07/10/13 Reuters: U.S., Britain push Congo to prosecute soldiers over Minova rapes
U.S.
ambassador to the United Nations, Samantha Power, and British U.N.
Ambassador Mark Lyall Grant raised the issue during a meeting between
the 15 Security Council envoys and Congo's
defence, interior and justice ministers in Kinshasa on
Saturday.
"Nobody
knows better than the Congolese the price of impunity, because the
Congolese people have for years been the victims of armed groups who
have been killing and raping their way through eastern Congo,"
Power told Reuters on Sunday.
"On
the Minova case, the government must show it practices what it
preaches by punishing those officers and soldiers responsible. We
made clear our concerns about the lack of progress thus far,"
she said.
The
United Nations threatened in February to withdraw support for two
Congolese battalions after soldiers raped at least 97 women and 33
girls, some as young as 6, in the eastern town of Minova after the
troops fled from advancing M23 rebels in late November.
The
peacekeeping mission decided to keep working with the 41st and 391st
battalions after 12 senior officers, including the commanders and
deputy commanders, were suspended and about a dozen soldiers were
charged over the rapes in Minova, according to a U.N. human rights
report.
The
391st battalion was trained by the United States in 2010 as "a
model for future reforms within the Congolese armed forces,"
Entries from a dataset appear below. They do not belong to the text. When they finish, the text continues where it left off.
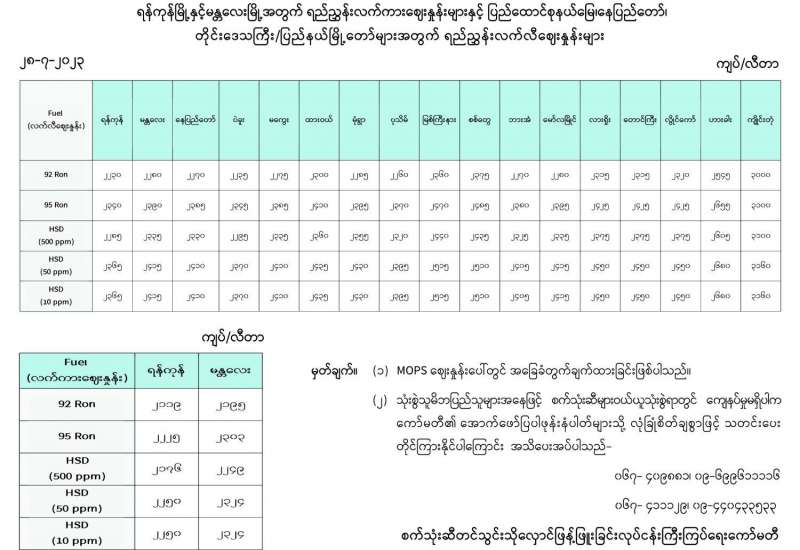 ရန်ကုန်မြို့နှင့် မန္တလေးမြို့အတွက် ရည်ညွှန်းလက်ကားဈေးနှုန်းများနှင့် ပြည်ထောင်စုနယ်မြေ နေပြည်တော်၊ တိုင်းဒေသကြီး/ ပြည်နယ် မြို့တော်များအတွက် ရည်ညွှန်းလက်လီဈေးနှုန်းများ
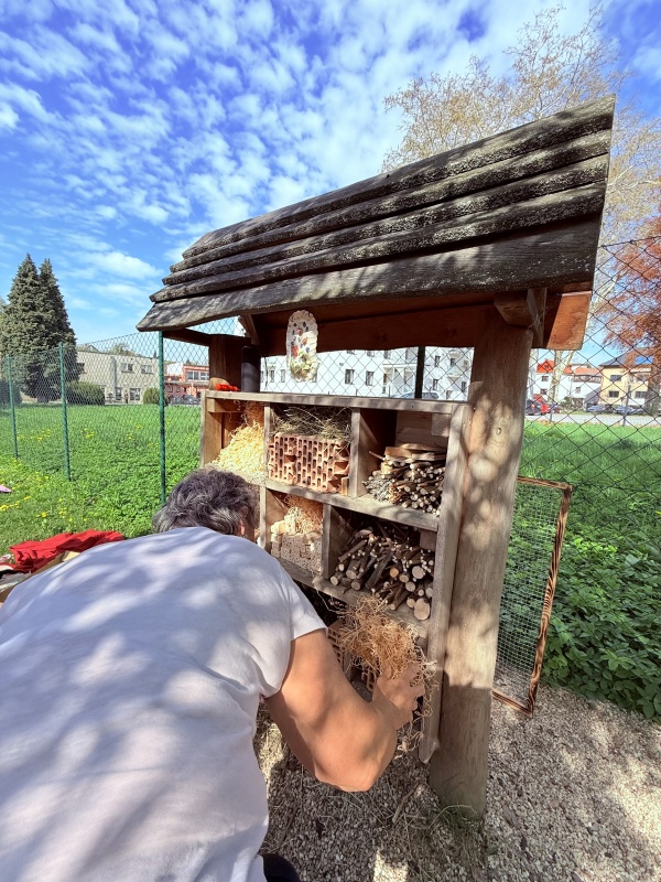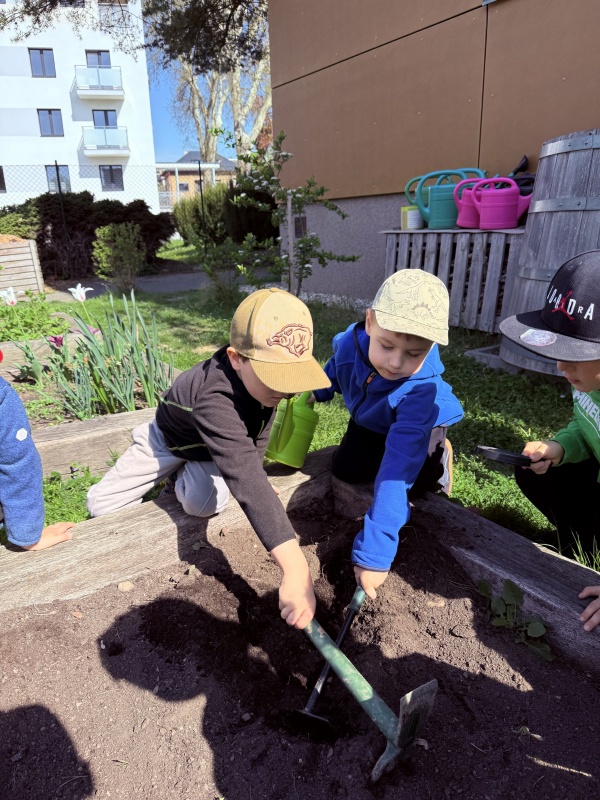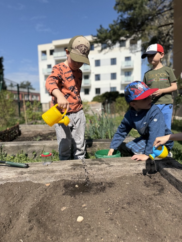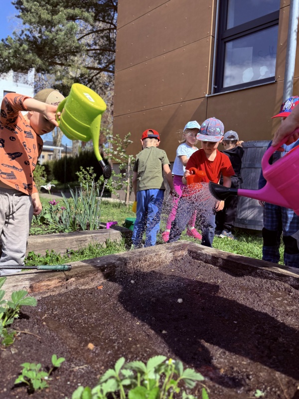 Zaměřili jsme se na naše malé, ale velmi důležité kamarády – hmyz. Děti se dozvěděly, jakou roli hmyz hraje v přírodě – opyluje květiny, pomáhá rostlinám růst a je důležitou součástí potravního řetězce. Povídali jsme si, proč je důležité hmyz chránit a jak mu můžeme pomoci. A protože chceme být dobrými kamarády přírody, vyrobili jsme hmyzí domeček, který stojí na zahradě školky. Děti si s nadšením vyzkoušely práci se dřevem, šiškami a dalšími přírodními materiály. Každý přiložil ruku k dílu a výsledek stál za to! A co by to bylo za domov bez jídla? K hmyzímu domečku jsme zasadili zeleninu a květinky, aby měli naši noví obyvatelé i něco dobrého na zub. Děti si užily sázení, pozorování půdy a vůbec celou práci na zahrádce.
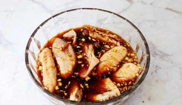 制作过程:1、鸡翅洗净控干水分或者用厨房纸擦干水分,两面各划2刀,蒜切末,姜切末
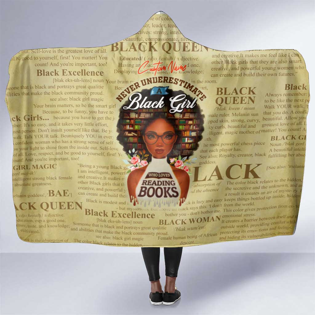 Personalized Black Girl African Hooded Blanket Never Underestimate A Book Lover

according to the U.S. Africa Command website.
Lyall
Grant said the Congolese ministers told them there was no question of
impunity and investigations were still continuing. The ministers said
there were some difficulties obtaining victim statements from a
humanitarian group due to patient confidentiality, which had delayed
inquiries, he added.
"We
made clear we were expecting some follow-up prosecutions because the
concern that we had was although some lower level soldiers had been
arrested and some others had been suspended, we hadn't seen any
evidence of prosecutions," Lyall Grant said.
After
provincial capital Goma and
the town of Sake briefly fell to M23 rebels, a U.N. report said,
thousands of Congolese troops fled in a disorganized manner toward
Minova, where they "committed mass rape and other acts of sexual
violence, as well as arbitrary execution, mistreatment and systematic
looting."
Congolese
troops and U.N. peacekeepers have been battling an M23 rebellion in
the resource-rich eastern part of the country for the past 18-months.